In real life they’re messy, scary and much more dangerous than the cinema screen depicts them. If you’ve ever been in a fight it probably amounted to a huge surge of adrenalin and fear and two or three hits before it was all over, and for good reason – biologically just one or two well-aimed blows can result in broken jaws, noses, teeth or brain damage.

But that’s why fights are so cool in movies, the one place we can depict ourselves with the abilities and attributes we wish we had. Whether it’s the human ballet of Bruce Lee or Jackie Chan or the bloodthirsty, nasty scrapes in Bitchslap, the silver screen renders hand-to-hand combatants near-indestructible, and we love every minute of it.

Is it a way of exorcising our real-world frustrations in relative safety, or is a well-timed haymaker just a satisfying way to see the bad guy get his comeuppance? While you’re paging Dr Freud, knock yourself out with the best fights ever committed to celluloid…

1. Pit fight
Unleashed (2005)

Tony Jaa’s good but flashy. Jet Li is Bruce Lee’s natural successor (even if he has all the thesping chops of a wooden plank when the action stops), and he’s never showcased better than the pit fight in Louis Leterrier’s gangland martial arts extravaganza.

Thrown into the ring by his brutal boss/owner Bart (Bob Hoksins), Danny (Li) proceeds to get the crap kicked out of him by his opponent. The venue manager decides to amp up the action and throws three more challengers into the ring, the crowd obliging by chucking in axes, clubs, sledgehammers and spears.

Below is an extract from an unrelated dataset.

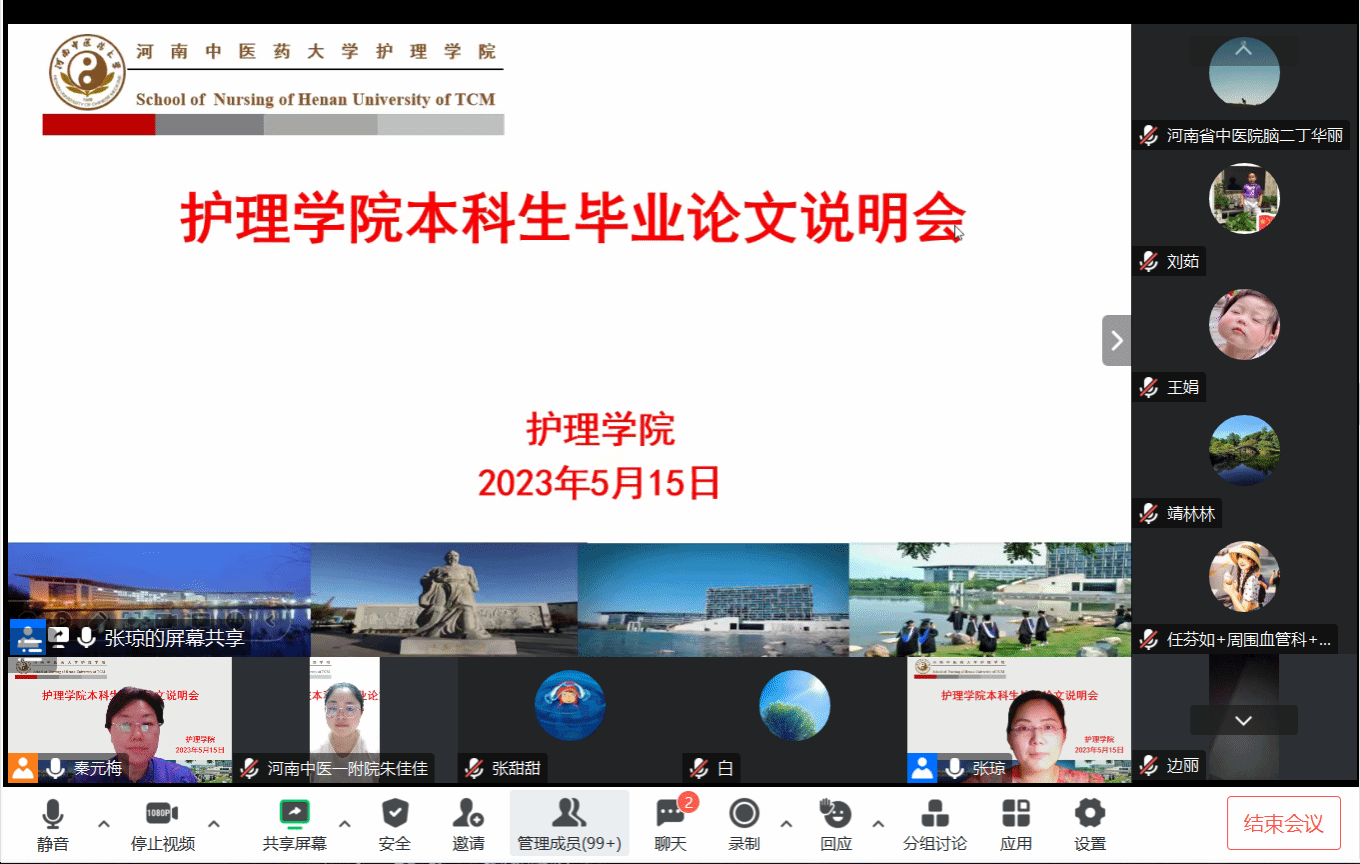 会议中,秦元梅首先传达了万象城awcsport官网《关于2022年河南省本科生毕业论文(设计)抽检专家评议结果反馈的通知》,要求2023届本科生毕业论文必须切实加强过程管控,通过问题整改促进2023届护理本科生毕业论文质量的提升。张琼从护理本科生毕业论文的背景、质量评价、论文抽检情况反馈、论文提交要求等方面对毕业论文中存在的问题对毕业论文中存在的问题进行讲解,督促师生在论文提交的最后阶段高质量完成论文并按时提交。最后,与会师生就论文实施和管理中存在的问题进行了在线答疑。

Leterrier’s camera wheels around some of the most scalp-tingling fight choreography you’ve ever seen as tiny Danny decides to repel the brutal thumping – dodging, ducking and striking like a coiled cobra, dispatching his opponents with gusto.

2. Night at the Compound
Crouching Tiger, Hidden Dragon (2000)

Where does it say ancient martial artist swordsmen can’t skip across the rooves of buildings or the tops of trees in a verdant forest? Watch any fight movie with Eastern influences from the noughties and Crouching Tiger will cast a long shadow after revitalising the genre.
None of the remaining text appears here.